Data provided:

************

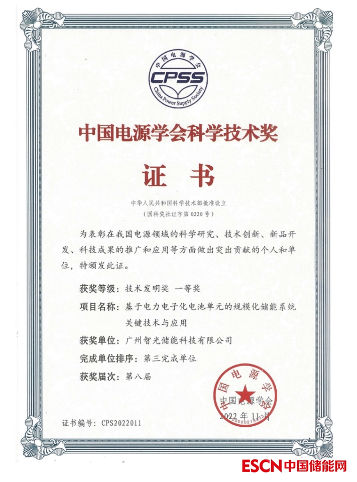 2、2022年11月,智光儲能參與的《基于電力電子化電池單元的規(guī)模化儲能系統(tǒng)關(guān)鍵技術(shù)與應(yīng)用》獲得第八屆中國電源學(xué)會科學(xué)技術(shù)一等獎。
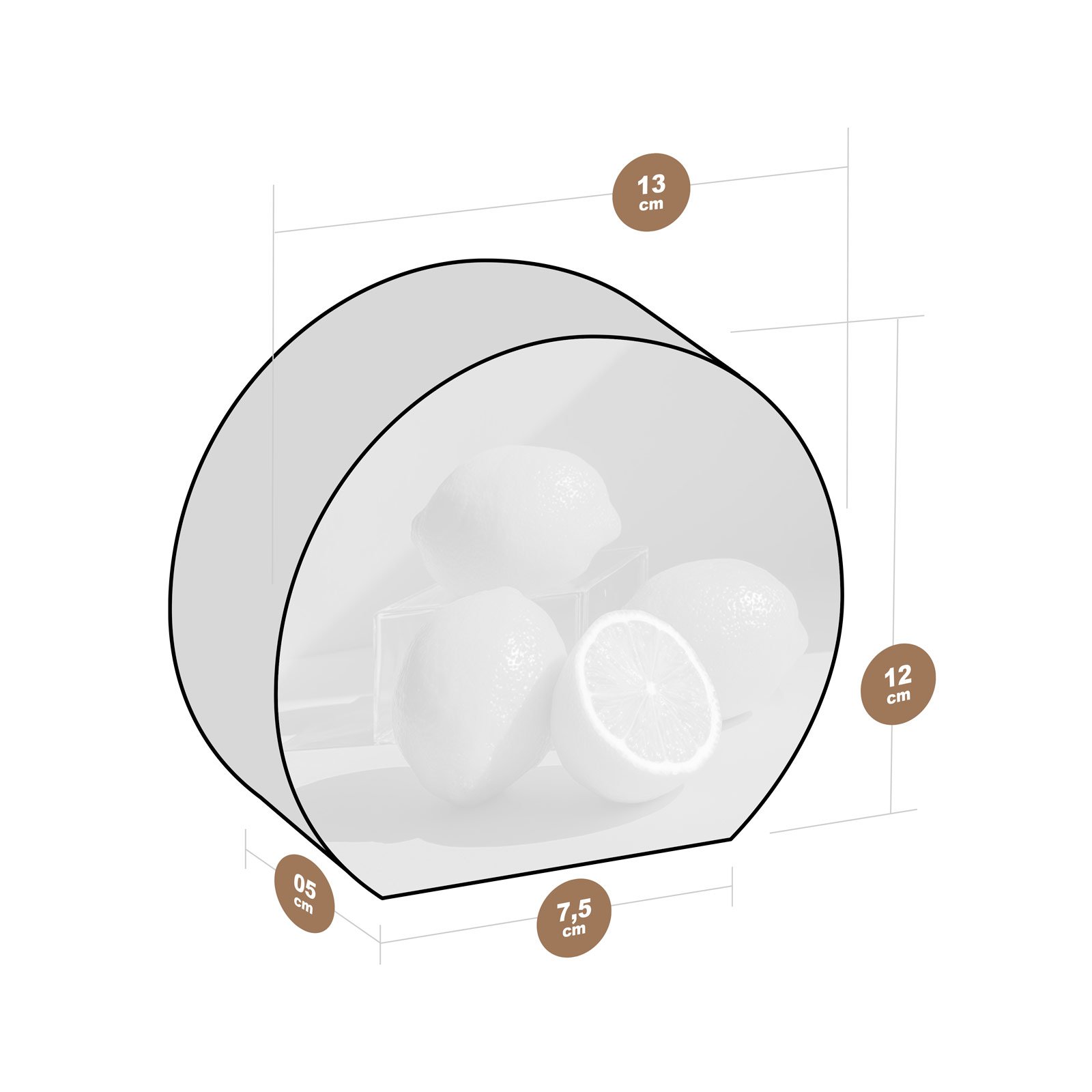- Dimensões: 13 cm (largura) x 12 cm (altura) x 5 cm (profundidade);
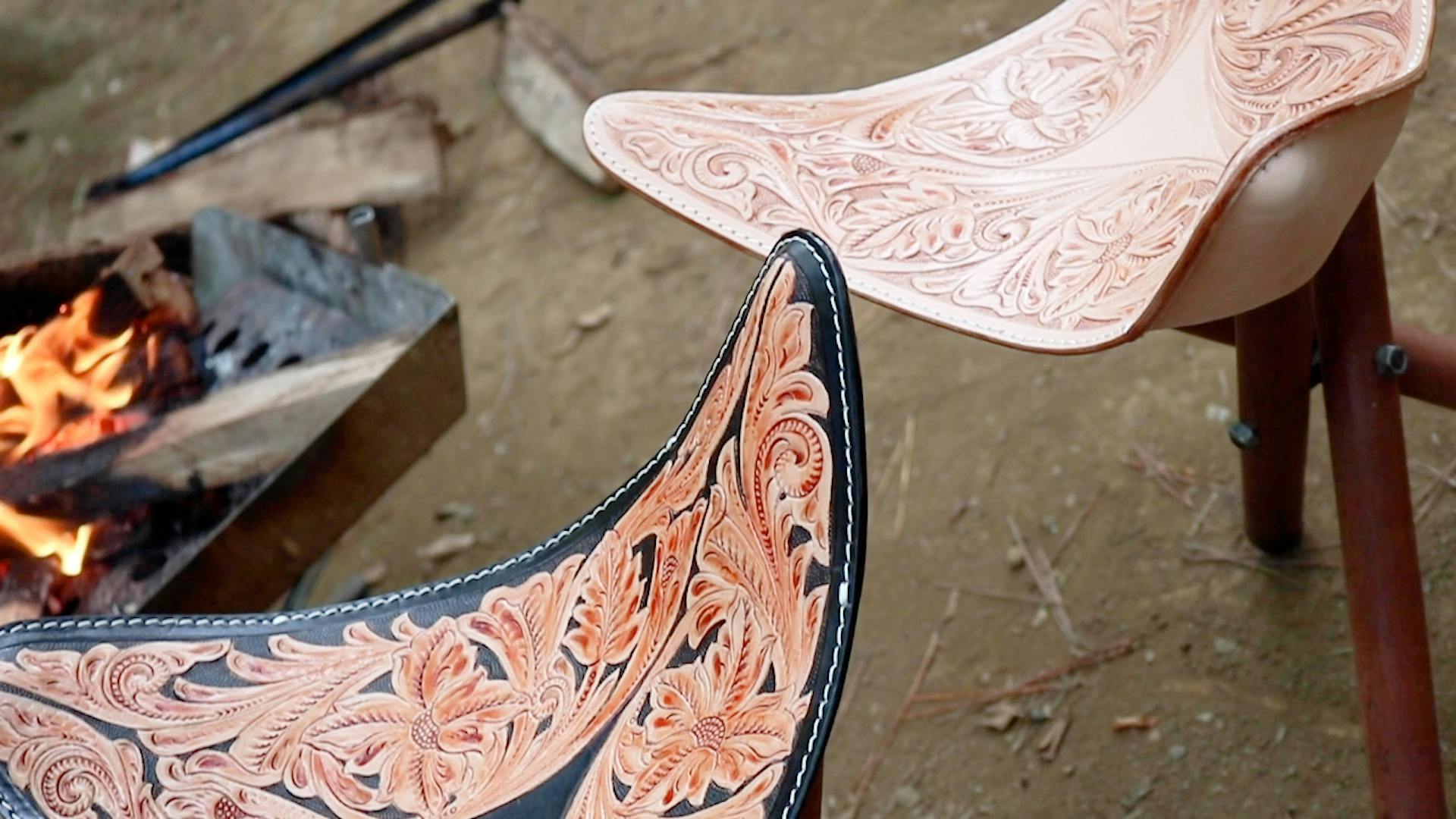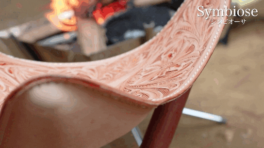 座面には天然皮革である牛本革、脚には天然木・ピンカド材、座面に刻まれた美しいカービング彫刻はボタニカルな植物柄。アウトドアマンと自然との共生、経年変化を楽しめる「天然皮革 × 天然木」のチェアと共に時を刻み生きていくという二つの意味を込めて「Symbiose(シンビオーサ)」と名付けました。
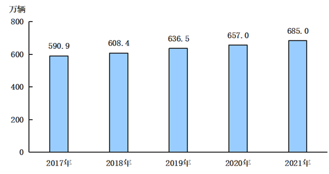 图4 2017-2021年年末机动车保有量
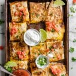 Keywords: sheet pan quesadillas, baked quesadillas, ground beef quesadillas, easy quesadilla recipe, Mexican dinner recipe
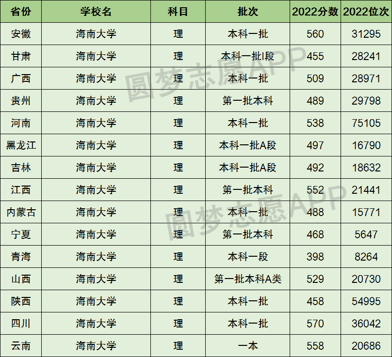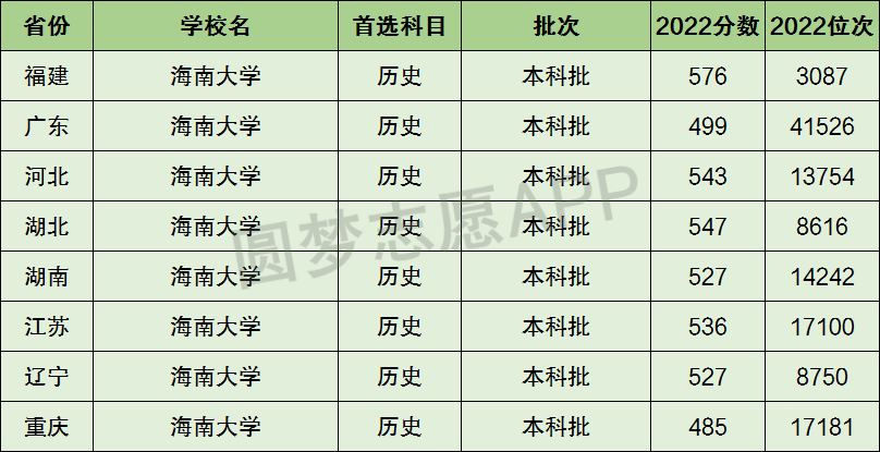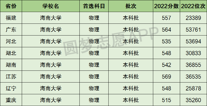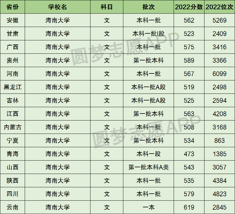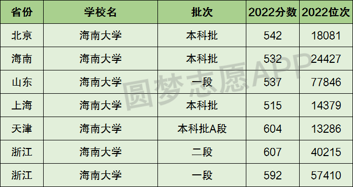 下面圆梦志愿将为大家展示海南大学2022年在全国各省市的最低分数线和位次,大家可以在了解海南大学在全国各省详细招生批次的同时,也顺便看看海南大学的招生录取分数线是多少!
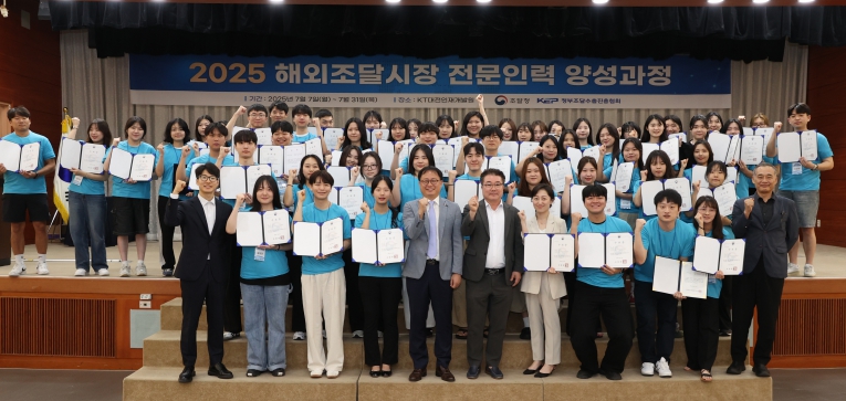 [뉴스서울] 조달청(차장 백승보)은 KT 대전인재개발원에서'2025년도 해외조달시장 전문인력 양성 과정'의 수료식을 개최하고 총 60명에게 수료증을 수여했다.

************

When you copy the listing above, reproduce every line exactly and skip the images.

 2、2022年11月,智光儲能參與的《基于電力電子化電池單元的規(guī)模化儲能系統(tǒng)關(guān)鍵技術(shù)與應(yīng)用》獲得第八屆中國電源學(xué)會科學(xué)技術(shù)一等獎。
- Dimensões: 13 cm (largura) x 12 cm (altura) x 5 cm (profundidade);
 座面には天然皮革である牛本革、脚には天然木・ピンカド材、座面に刻まれた美しいカービング彫刻はボタニカルな植物柄。アウトドアマンと自然との共生、経年変化を楽しめる「天然皮革 × 天然木」のチェアと共に時を刻み生きていくという二つの意味を込めて「Symbiose(シンビオーサ)」と名付けました。
 图4 2017-2021年年末机动车保有量
 Keywords: sheet pan quesadillas, baked quesadillas, ground beef quesadillas, easy quesadilla recipe, Mexican dinner recipe
 下面圆梦志愿将为大家展示海南大学2022年在全国各省市的最低分数线和位次,大家可以在了解海南大学在全国各省详细招生批次的同时,也顺便看看海南大学的招生录取分数线是多少!
 [뉴스서울] 조달청(차장 백승보)은 KT 대전인재개발원에서'2025년도 해외조달시장 전문인력 양성 과정'의 수료식을 개최하고 총 60명에게 수료증을 수여했다.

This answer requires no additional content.